C/1847 T1 (Mitchell)

Discovery
- Discovered by: Maria Mitchell
- Discovery site: Nantucket, Massachusetts
- Discovery date: 1 October 1847

Designations
- Alternative designations: Miss Mitchell's Comet 1847 VI

Orbital characteristics
- Epoch: 26 October 1847 (JD 2395960.5)
- Observation arc: 74 days
- Number of observations: 77
- Perihelion: 0.329 au
- Eccentricity: 1.000172
- Inclination: 108.13°
- Longitude of ascending node: 192.967°
- Argument of periapsis: 276.609°
- Last perihelion: 14 November 1847

= C/1847 T1 (Mitchell) =

Hyperbolic comet

Miss Mitchell's Comet, formally designated as C/1847 T1, is a non-periodic comet that American astronomer Maria Mitchell discovered in 1847.

The discovery was initially credited to Francesco de Vico.
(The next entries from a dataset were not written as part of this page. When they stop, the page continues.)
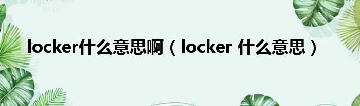 大家好,小东方来为大家解答以上的问题。locker什么意思啊,locker 什么意思这个很多人还不知道,现在让我们一起来看看吧!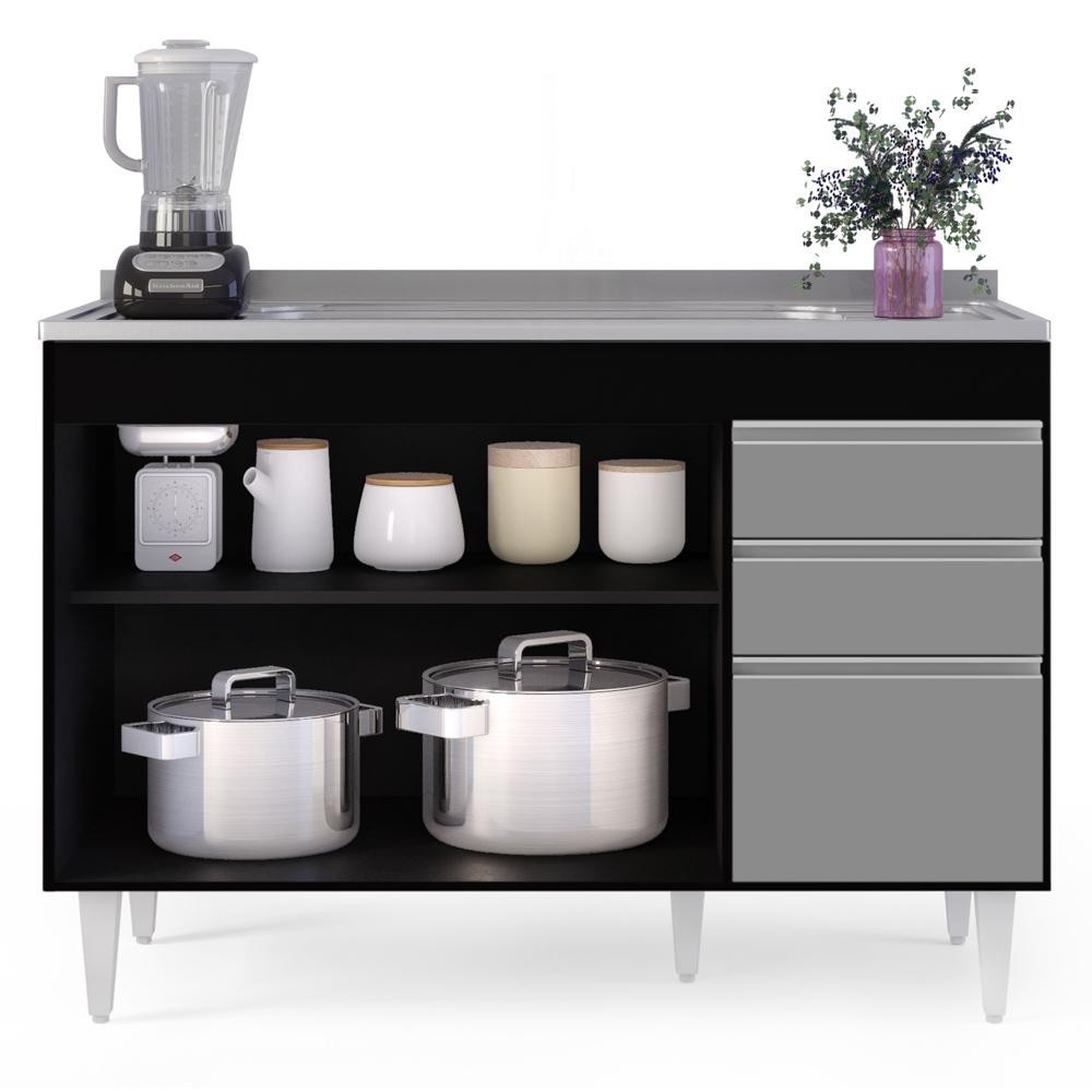 Balcão Gabinete com Pia Inox 120cm Michigan Preto/Cinza - Lumil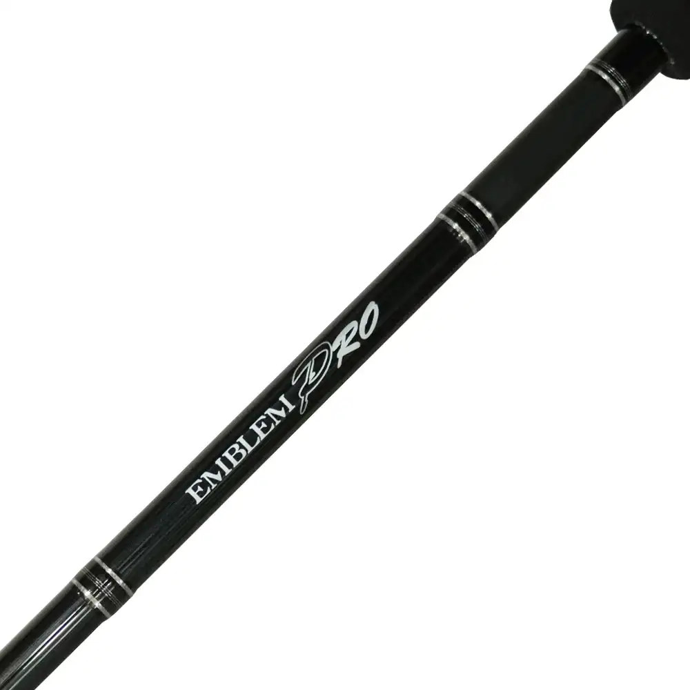 Las cañas Emblem Pro Surf están construidas con un blank de grafito ligero, e incluyen un mango de EVA y un portacarretes ergonómico con capucha para brindar comodidad durante todo el día.

Vico, observing from Rome, was the first to report the comet's discovery in Europe. However, Mitchell observed the comet two days before Vico did, so she became recognized as the comet's discoverer.

The comet had a weakly hyperbolic orbit solution while inside the planetary region of the Solar System. An orbit solution when the comet is outside of the planetary region shows that the comet is bound to the Sun.